**TO DO**
Within the entries below, output exactly the lines between the line containing "Un autre moyen" and the line containing "MY DADDY IS", inclusive, and omit any picture.

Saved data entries
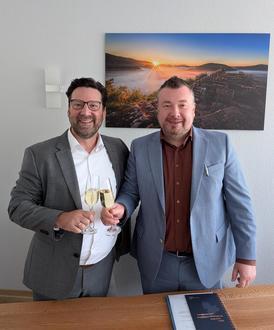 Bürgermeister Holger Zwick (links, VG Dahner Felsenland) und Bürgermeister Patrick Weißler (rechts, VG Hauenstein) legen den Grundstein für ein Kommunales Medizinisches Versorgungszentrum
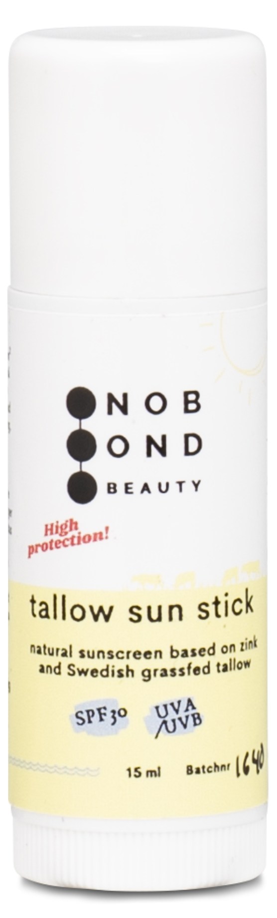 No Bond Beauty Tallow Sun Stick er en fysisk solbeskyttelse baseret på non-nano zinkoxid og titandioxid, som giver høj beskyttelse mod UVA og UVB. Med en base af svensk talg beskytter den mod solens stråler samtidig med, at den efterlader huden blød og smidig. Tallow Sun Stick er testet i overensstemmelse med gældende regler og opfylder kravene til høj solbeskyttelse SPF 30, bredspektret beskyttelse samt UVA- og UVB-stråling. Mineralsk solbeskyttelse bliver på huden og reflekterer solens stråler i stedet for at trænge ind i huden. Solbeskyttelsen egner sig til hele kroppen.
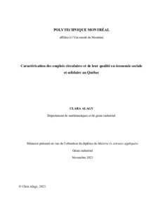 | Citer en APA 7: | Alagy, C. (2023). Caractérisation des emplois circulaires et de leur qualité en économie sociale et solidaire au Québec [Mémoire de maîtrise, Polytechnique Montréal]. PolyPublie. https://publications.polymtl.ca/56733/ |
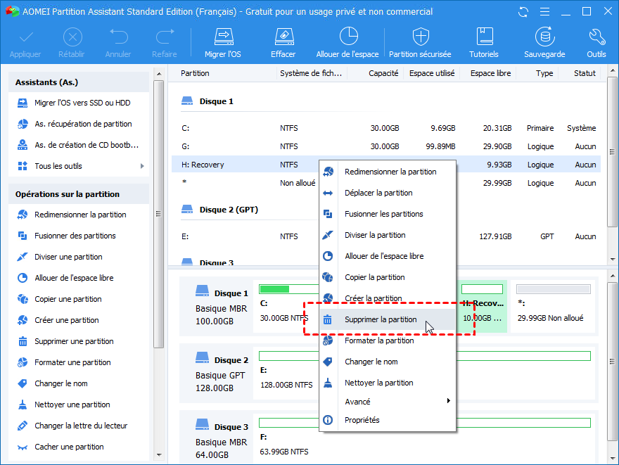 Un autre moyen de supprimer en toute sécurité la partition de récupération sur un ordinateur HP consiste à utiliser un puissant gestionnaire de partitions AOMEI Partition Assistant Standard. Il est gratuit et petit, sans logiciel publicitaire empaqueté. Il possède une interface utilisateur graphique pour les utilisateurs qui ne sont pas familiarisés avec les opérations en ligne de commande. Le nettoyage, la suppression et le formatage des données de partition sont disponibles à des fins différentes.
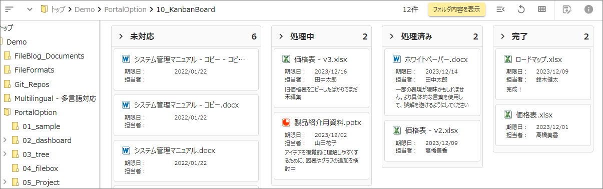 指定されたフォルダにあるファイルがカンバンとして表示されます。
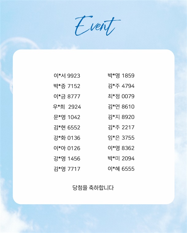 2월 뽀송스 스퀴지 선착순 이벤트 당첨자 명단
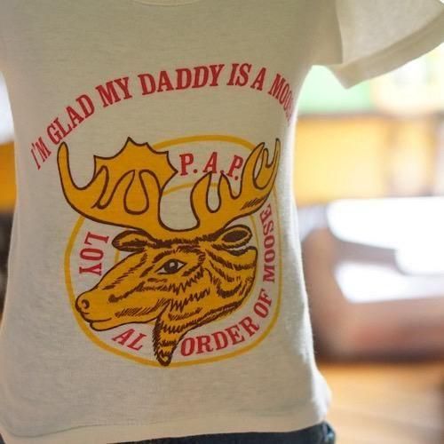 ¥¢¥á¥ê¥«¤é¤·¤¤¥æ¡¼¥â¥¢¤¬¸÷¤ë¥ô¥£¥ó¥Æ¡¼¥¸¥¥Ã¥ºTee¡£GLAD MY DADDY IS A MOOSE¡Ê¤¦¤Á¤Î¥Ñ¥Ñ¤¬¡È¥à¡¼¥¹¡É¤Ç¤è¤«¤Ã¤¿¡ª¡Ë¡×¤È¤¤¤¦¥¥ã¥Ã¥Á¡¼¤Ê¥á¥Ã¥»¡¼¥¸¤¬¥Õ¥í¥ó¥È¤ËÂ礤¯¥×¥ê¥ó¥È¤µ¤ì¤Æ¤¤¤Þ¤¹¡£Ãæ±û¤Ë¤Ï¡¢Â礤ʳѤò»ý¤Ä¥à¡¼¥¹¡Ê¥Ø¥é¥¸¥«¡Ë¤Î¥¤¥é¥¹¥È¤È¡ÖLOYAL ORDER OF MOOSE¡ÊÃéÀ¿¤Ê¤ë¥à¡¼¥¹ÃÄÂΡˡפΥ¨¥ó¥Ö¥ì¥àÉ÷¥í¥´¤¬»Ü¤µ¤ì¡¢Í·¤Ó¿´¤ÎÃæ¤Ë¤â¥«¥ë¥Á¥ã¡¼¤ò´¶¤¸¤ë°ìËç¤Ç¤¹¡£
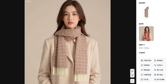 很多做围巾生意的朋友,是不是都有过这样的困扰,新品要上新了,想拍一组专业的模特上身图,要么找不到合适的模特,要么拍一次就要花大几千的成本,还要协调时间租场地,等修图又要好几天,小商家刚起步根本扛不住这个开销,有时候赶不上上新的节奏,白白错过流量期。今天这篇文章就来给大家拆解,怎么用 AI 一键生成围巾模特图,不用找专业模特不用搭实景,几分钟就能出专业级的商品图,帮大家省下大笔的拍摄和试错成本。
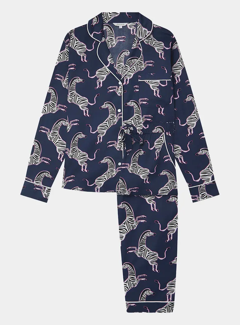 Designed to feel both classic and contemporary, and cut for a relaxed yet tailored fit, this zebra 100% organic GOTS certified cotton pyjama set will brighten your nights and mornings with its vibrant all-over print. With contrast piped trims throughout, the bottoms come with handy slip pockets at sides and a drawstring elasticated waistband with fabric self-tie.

**YOUR RESPONSE**
 Un autre moyen de supprimer en toute sécurité la partition de récupération sur un ordinateur HP consiste à utiliser un puissant gestionnaire de partitions AOMEI Partition Assistant Standard. Il est gratuit et petit, sans logiciel publicitaire empaqueté. Il possède une interface utilisateur graphique pour les utilisateurs qui ne sont pas familiarisés avec les opérations en ligne de commande. Le nettoyage, la suppression et le formatage des données de partition sont disponibles à des fins différentes.
 指定されたフォルダにあるファイルがカンバンとして表示されます。
 2월 뽀송스 스퀴지 선착순 이벤트 당첨자 명단
 ¥¢¥á¥ê¥«¤é¤·¤¤¥æ¡¼¥â¥¢¤¬¸÷¤ë¥ô¥£¥ó¥Æ¡¼¥¸¥¥Ã¥ºTee¡£GLAD MY DADDY IS A MOOSE¡Ê¤¦¤Á¤Î¥Ñ¥Ñ¤¬¡È¥à¡¼¥¹¡É¤Ç¤è¤«¤Ã¤¿¡ª¡Ë¡×¤È¤¤¤¦¥¥ã¥Ã¥Á¡¼¤Ê¥á¥Ã¥»¡¼¥¸¤¬¥Õ¥í¥ó¥È¤ËÂ礤¯¥×¥ê¥ó¥È¤µ¤ì¤Æ¤¤¤Þ¤¹¡£Ãæ±û¤Ë¤Ï¡¢Â礤ʳѤò»ý¤Ä¥à¡¼¥¹¡Ê¥Ø¥é¥¸¥«¡Ë¤Î¥¤¥é¥¹¥È¤È¡ÖLOYAL ORDER OF MOOSE¡ÊÃéÀ¿¤Ê¤ë¥à¡¼¥¹ÃÄÂΡˡפΥ¨¥ó¥Ö¥ì¥àÉ÷¥í¥´¤¬»Ü¤µ¤ì¡¢Í·¤Ó¿´¤ÎÃæ¤Ë¤â¥«¥ë¥Á¥ã¡¼¤ò´¶¤¸¤ë°ìËç¤Ç¤¹¡£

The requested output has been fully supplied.